Cairo – Mubasher: The Central Bank of Egypt (CBE) plays no role in the foreign currency exchange (FX) market, Middle East News Agency (MENA) reported on Friday, citing deputy CBE governor Gamal Negm as saying.
The recent decline in the value of the US dollar is attributable to increased inflows to the banking sector, Negm told MENA on the sidelines of the forum for Enhancing Financial Stability in Sharm El Sheikh.
He added that cash inflows entering the banking sector on the back of foreign investments in treasury bills, remittances and citizens exchanging the dollar for Egyptian pounds amounted to $2 billion.
The banking market is currently based on “supply and demand”, Negm said, adding that he expects the US dollar to continue to decline if left to market mechanisms.

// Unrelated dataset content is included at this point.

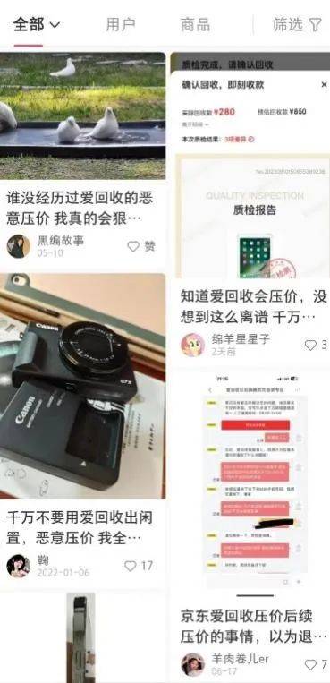 图源:小红书上对爱回收恶意压价的吐槽

As for the CBE’s decision, announced late Thursday, which entailed raising interest rates by 2% or 200 basis points (bps), the deputy governor confirmed that the decision aims to limit the rising inflation and its effects following the increase in energy prices.
He expects a rise in the purchasing power of the Egyptian pound after the interest rate hike and further cash inflows into the country’s banking sector.
The CBE’s interest rate hike involved raising overnight deposit and lending rates to 18.75%, and 19.75%, respectively.
In May, Egypt recorded a decline in annual headline inflation, the first time since October 2016, to 29.7% from 31.5% in April.